RE: Poll: You're in the Prisoner's Dilemma.
November 25, 2017 at 5:01 pm
(This post was last modified: November 25, 2017 at 5:03 pm by Edwardo Piet.)
(November 25, 2017 at 4:34 pm)Catholic_Lady Wrote: I can see Ham's point. If there is a crime involved, the moral thing to do is probably to be honest about it to law enforcement, even if that means getting someone in trouble for it.
I guess if I was a criminal I probably
wouldn't snitch, really. But I think I should. But then I probably should not do the crime in the first place either right?
And in reality, maybe I wouldn't snitch on a criminal if I was terrifed that they would beat the shit out of me if I did. But I think that would be a moral failing on my part. What I
would do is very different to what I
should do.
I often take the least moral option out of cowardice or selfishness.
I lost my virginity to a married woman when I was 25, and I think that was immoral of me too.

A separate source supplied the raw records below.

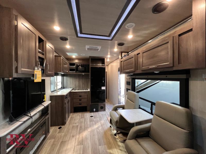 Optional Equipment Installed On This Unit: Yamaha Generator, Fuel Station, Axle Upgrade, Fiberglass Front Cap, King Mattress, Opposing Rear Power Dinette, Exterior Premier Package, Interior Deluxe Package, Arctic Package, Patio Cable, 12V Air Compressor, Fiberglass Sidewalls, Wifi Ready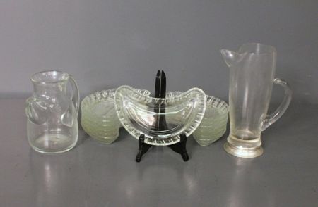 57 Two Glass Pitchers and Thirteen Clear Glass Bone Dishes Description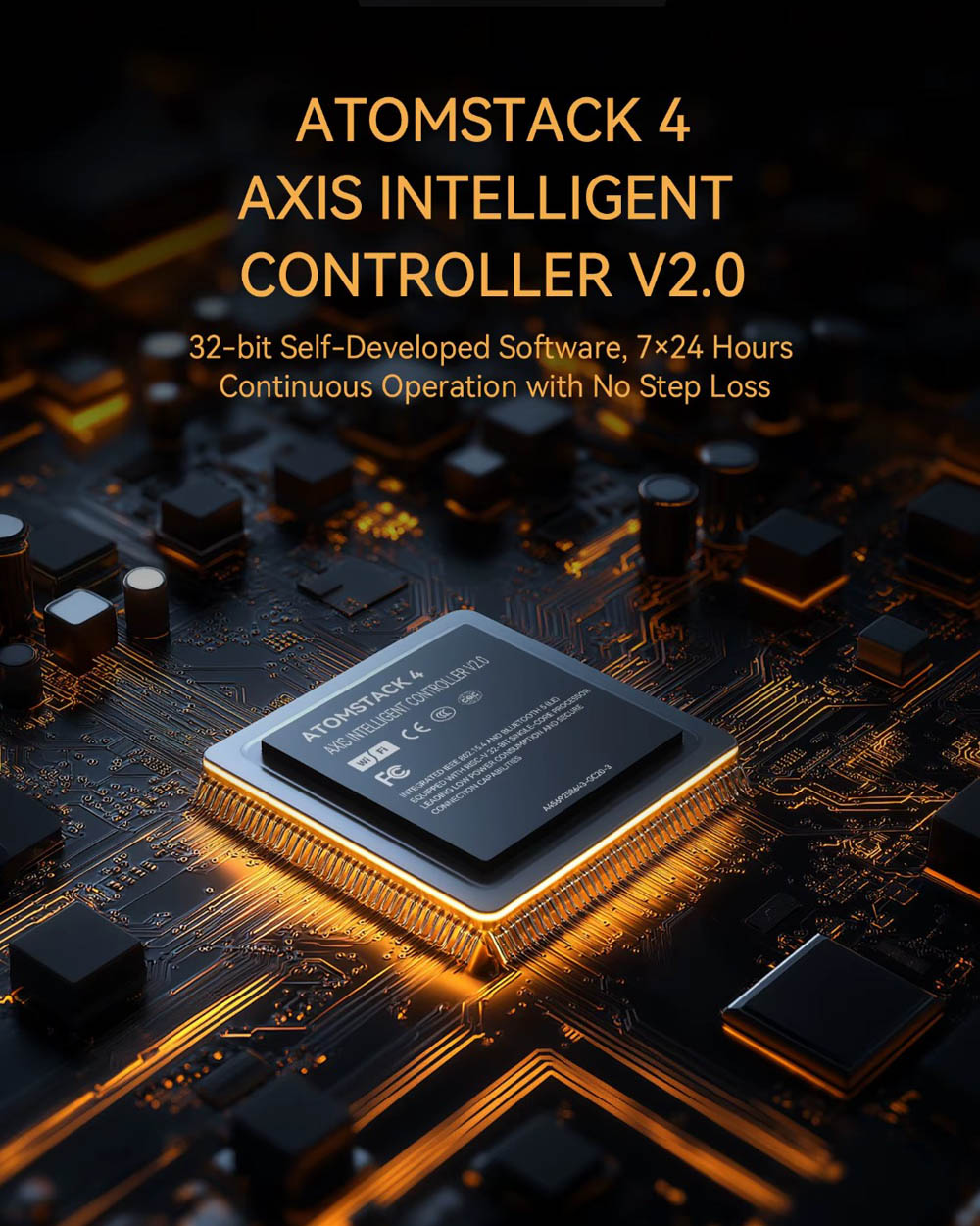 Contrôleur : ATOMSTACK 4AXIS INTELLIGENT CONTROLLER V1.0 (version V2.0) doté d’une série de fonctions professionnelles auparavant réservées aux machines industrielles. Cela améliore considérablement le confort et l’efficacité du travail.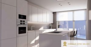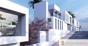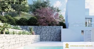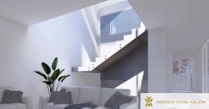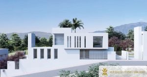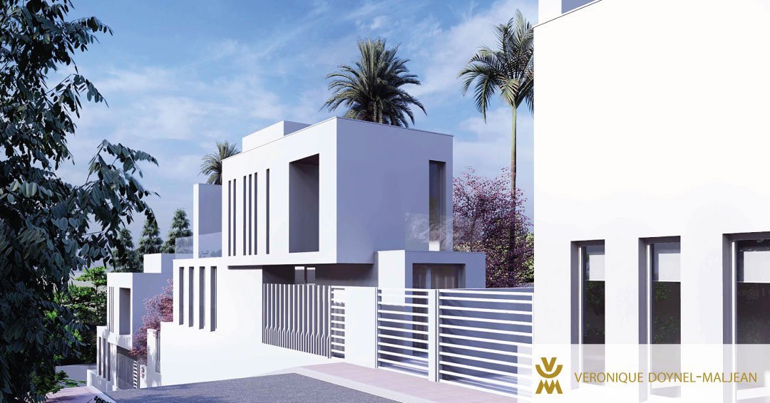 Se trata de una vivienda unifamiliar orientada al sur, con zona de terraza y un gran espacio ajardinado privado. La construcción, que combina volúmenes blancos y paño de vidrio, crea un juego de llenos y vacíos en el que la luz es clara protagonista.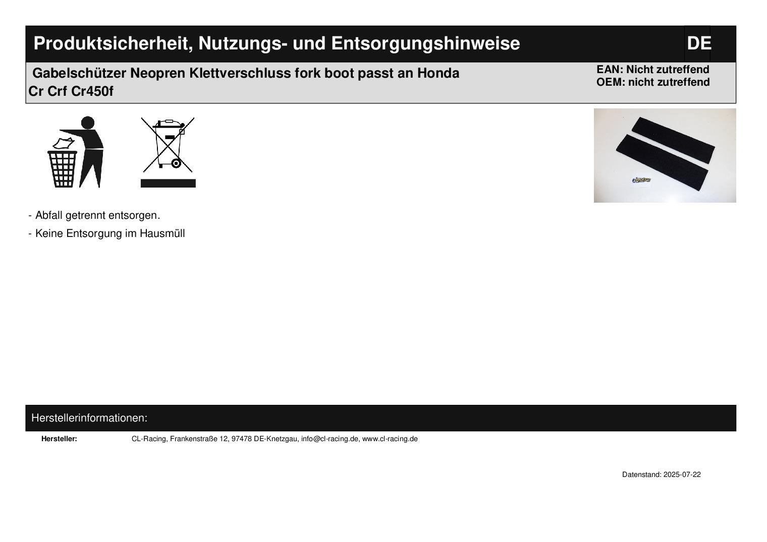 In dieser Auktion gibt es folgenden Artikel zu kaufen: Neopren Gabelschutz mit Klettverschluss passend fü r: alle gängigen Enduros und Crosser mit einem Gabeldurchmesser von Ø 43 - 50 mm Größe: Gabeldurchmesser = Ø 43 - 50 mm Länge = 350 mm (kann gekürzt werden) Artikelbeschreibung: Gabelschützer mit extra dicker Materialstärke von 3 mm wird durch Klettverschluss schnell über Tauchrohr montiert - schützt Tauchrohr und Gabeldichtringe vor Sand, Schlamm und Steinen! Lieferumfang: links + rechts Artikelzustand: neu Bei Unklarheiten oder Fragen bitte erst E-Mail schreiben.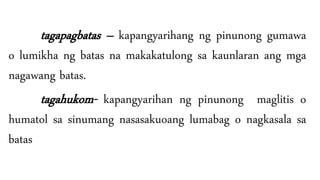 Mga pinuno batas at hukuman. CMaunawaan ang pinagkaiba ng Pamahalaan ng Datu at ng Pamahalaang Sultanato. Ano ang pagkakaiba ng tagalog pilipino at filipino bilang wika.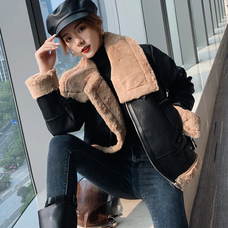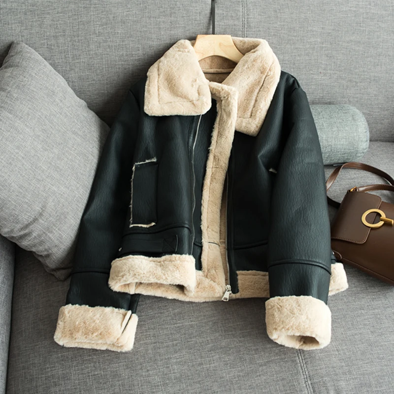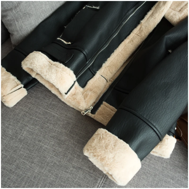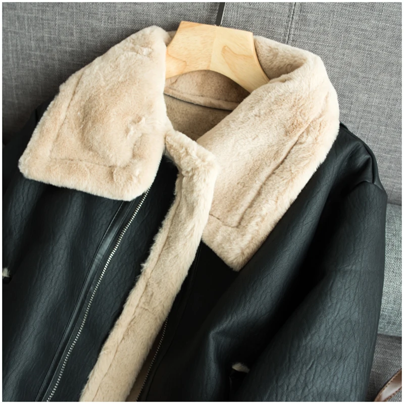 Trend Winter Motorcyle Grund Jacken Plüsch Oberbekleidung Warme Mantel Streetwear Punk PU Jacke Faux Pelz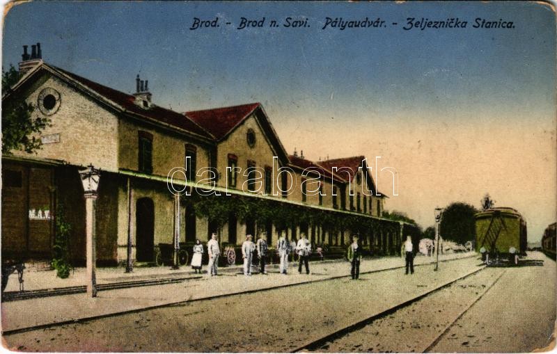 Leírás: 1918 Bród, Nagyrév, Slavonski Brod, Brod an der Save; pályaudvar, vasútállomás / Zeljeznicka Stanica / railway station (kopott sarkak / worn corners)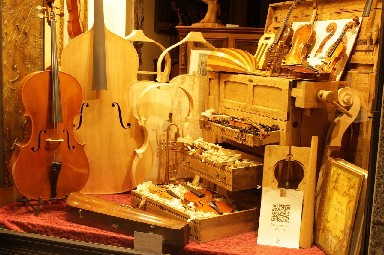 クレモナは著名な弦楽器製作家ストラディヴァリやグァルネリが活動を⾏った街として知られ、現在でも市内には数多くの弦楽器製作⼯房が存在し、過去の巨匠たちの作品を観ることができる博物館・次世代の製作家を育成するための製作学校の存在、レストランやお⼟産屋にはバイオリンそやモチーフが飾られていたりと弦楽器と⾮常に密接です。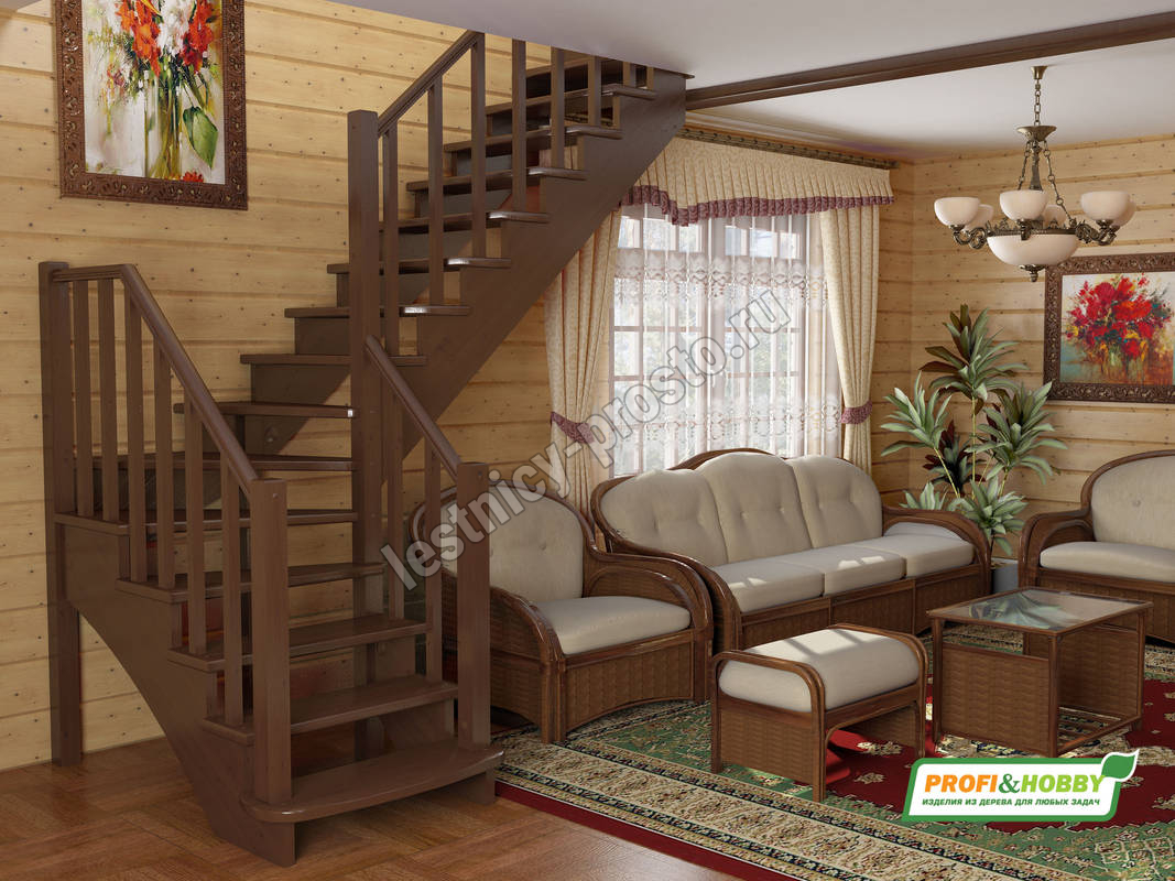 Базовый комплект включает в себя деревянные элементы лестницы и ограждения без какого-либо покрытия.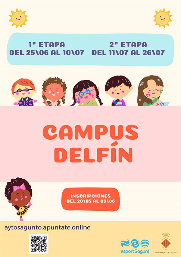 Para la vigesimosegunda edición del Campus Delfín de la concejalía de Actividad Física, Salud y Deportes se ofertarán 400 plazas, al igual que en la edición del 2023. La mitad estarán destinadas a la opción sin comedor, y la otra mitad a la opción con comedor. Las inscripciones comenzarán el 20 de mayo a las 9 horas y finalizarán el 9 de junio en la web https://aytosagunto.apuntate.online/pio/.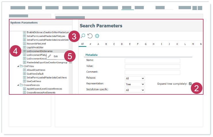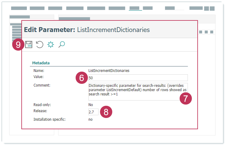 Systemparameter ListIncrementDictionaries bearbeiten, Handlungsschritte 6-9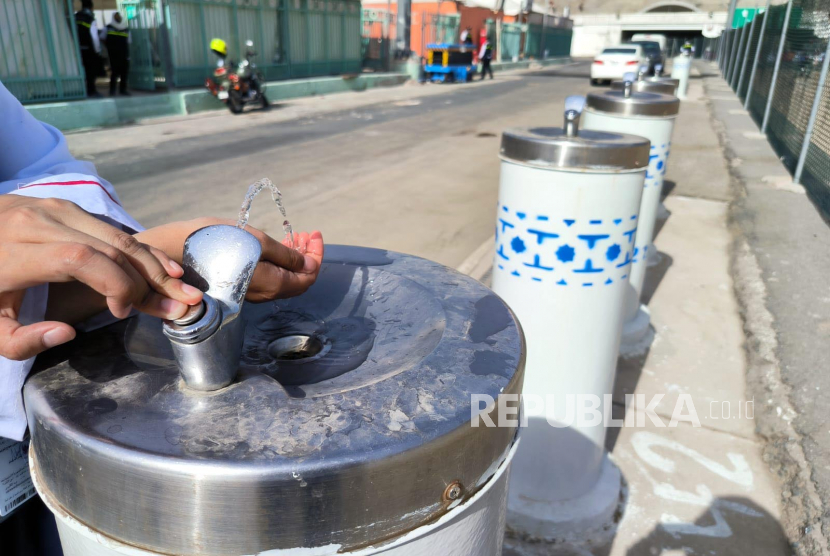Fasilitas minum di Mina, tempatnya berada di pinggir jalan utama, jamaah haji bisa meminum air langsung dari tempat tersebut. Rabu (21/6/2023). (FOTO : Republika/Fuji Eka Permana)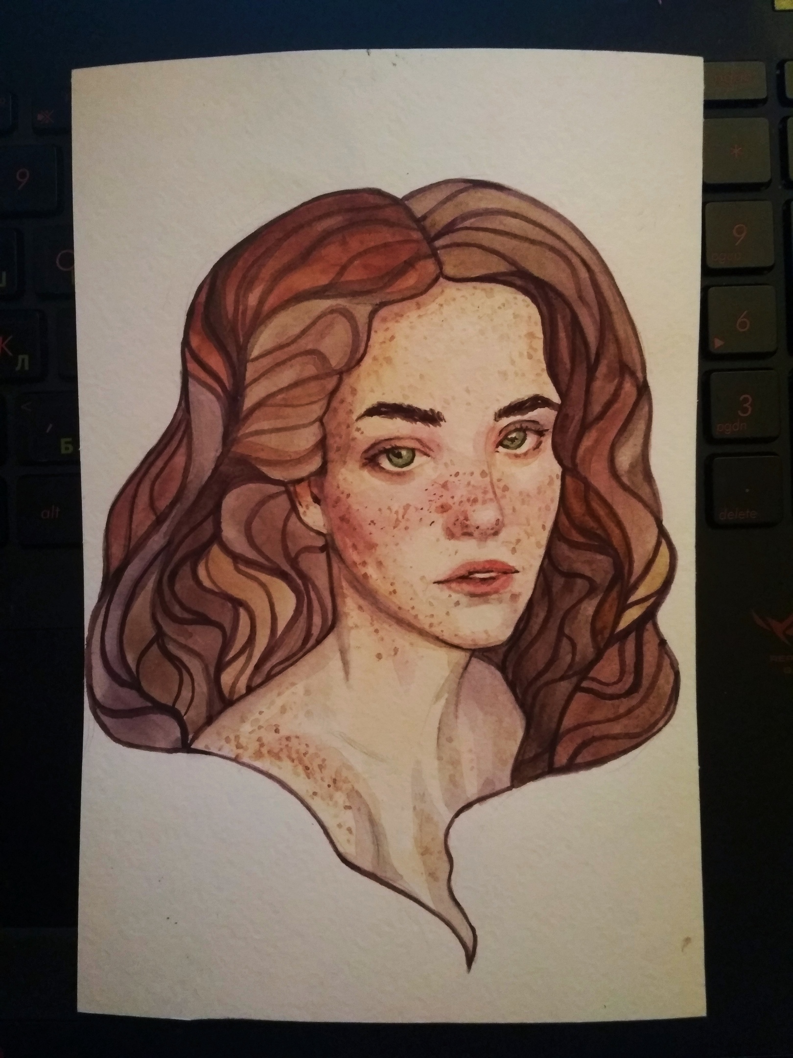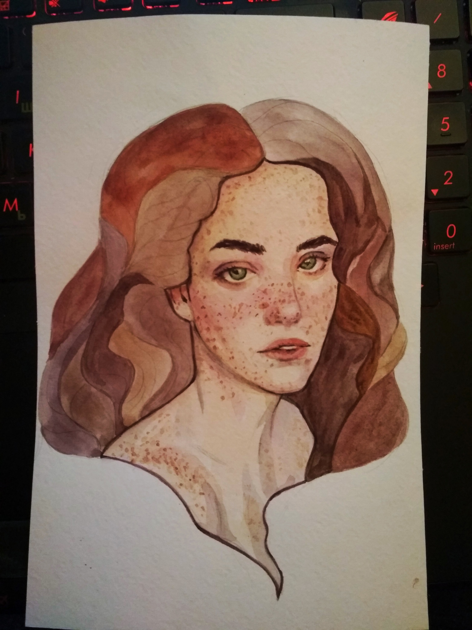 Spring has come and the sun is already warm. So far, no grass, only mud and puddles. This period is very similar to the middle of autumn. I like autumn, especially early, when everything is very beautiful. This portrait I painted it in the autumn range, maybe a little dark, but that's how I see autumn if she was a man. Also, I love freckles, they look very nice, I have none :( but I can afford to draw with makeup and be happy (´。• ᵕ •。`)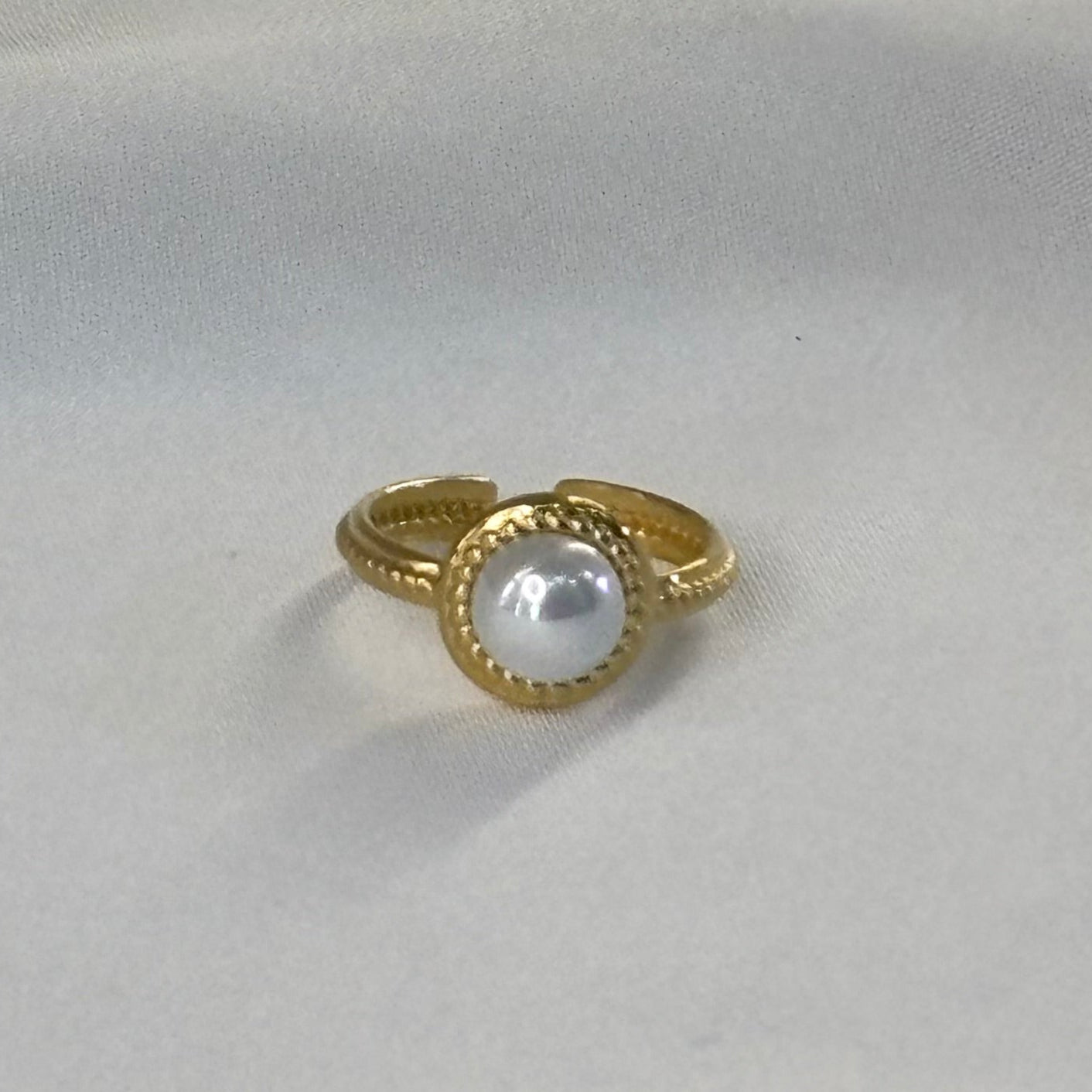 Κομψό γυναικείο χρυσό δαχτυλίδι με ανοιχτό σχεδιασμό και εντυπωσιακό μαργαριτάρι στο κέντρο. Η διακριτική ανάγλυφη λεπτομέρεια του δαχτυλιδιού χαρίζει πολυτέλεια και κομψότητα, καθιστώντας το ιδανικό για elegant εμφανίσεις. Φοριέται μόνο του ή σε layering με άλλα δαχτυλίδια για ένα πιο μοντέρνο look. | Pnoe Studio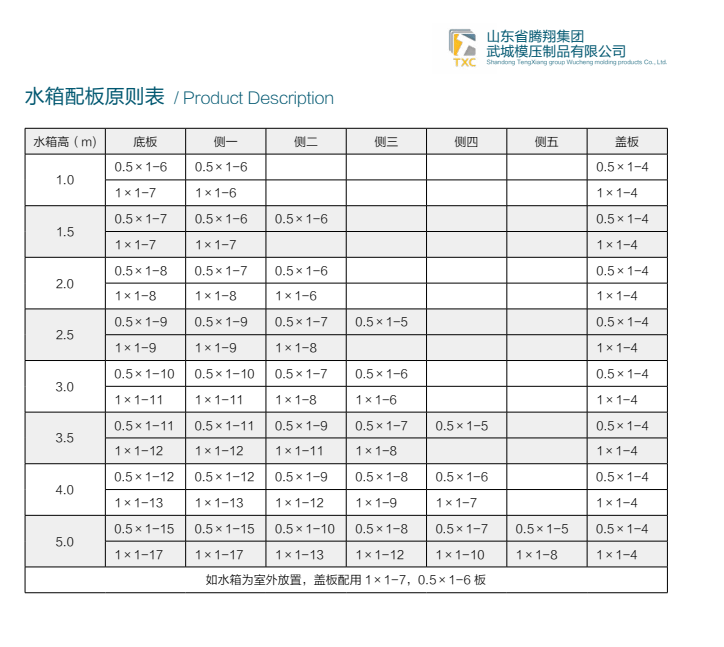 水箱配板原則表都有一個大概的行業標準,大部份的廠家會遵循這個標準來制作消防水箱,以下是山東騰翔集團的水箱配板原則表:

Slightly. I did that out of pure sexual desperation, being a 25 year old virgin. Although I was single myself and I think it would have been far more immoral if I myself had been in a relationship, and cheating itself is far more immoral than allowing someone to cheat with you when you yourself aren't cheating, but I still think it would have been the morally better option for me to, somehow, resist that insanely strong temptation. The fact she seduced me and she kept seducing me when I
tried to resist, didn't help. But I still think I should have somehow resisted.
Of course many people say that if she didn't cheat with me she would have cheated with someone else, and she probably already had and she probably cheated after she cheated with me too . . . but I still think that
if I
could have resisted, that would have been the morally superior option.
I think I am often biased towards my friends to an immoral extent also. And I actually value friendship
above morality. Which is very selfish of me, I do it because I like my friends and I enjoy friendship. I don't think it's moral for me to value people I like over people who are probably just as nice but I don't get along with. But I do that anyway.
I probably care about being a nice person more than being a good person too (which probably is the same thing as valuing friendship over morality). I'm very selfish and I'd rather seem good and be bad than be good and seem bad.